-- THE DATA follows --
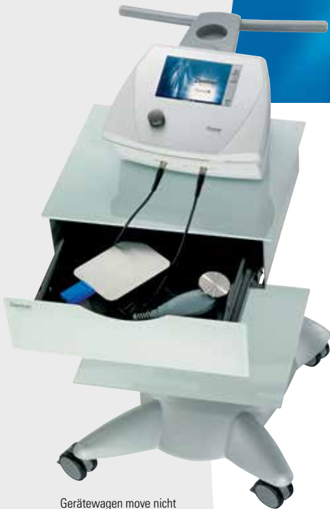
Gerätewagen move nicht im Lieferumfang enthalten Ablageplatte optional
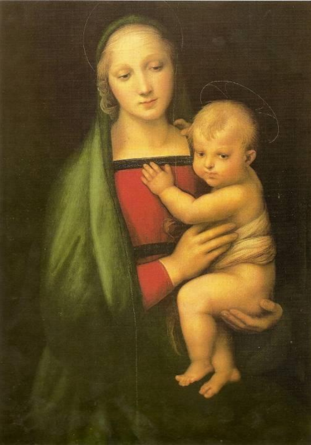
Мадонна Дель Грандука. 1506 ГОД.
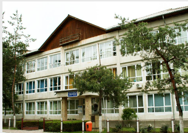
Școala nr. 1 „Mihai Viteazu”, Pucioasa, județul Dâmbovița

Prin implementarea proiectului, ce are ca termen de realizare 14 luni, se urmărește îmbunătățirea calității infrastructurii de educație pentru asigurarea unui proces de învățământ la standarde europene și, totodată, pentru creșterea participării populației școlare la procesul educațional. Cu sprijin financiar nerambursabil Regio se vor executa lucrări de modernizare a Școlii nr. 1 „Mihai
-- THE DATA concluded --
**TASK OBJECTIVE:** The string "Mihai" may appear in lines of the listing above; tally those lines and give the number only.

**EXPECTED OUTPUT:** 2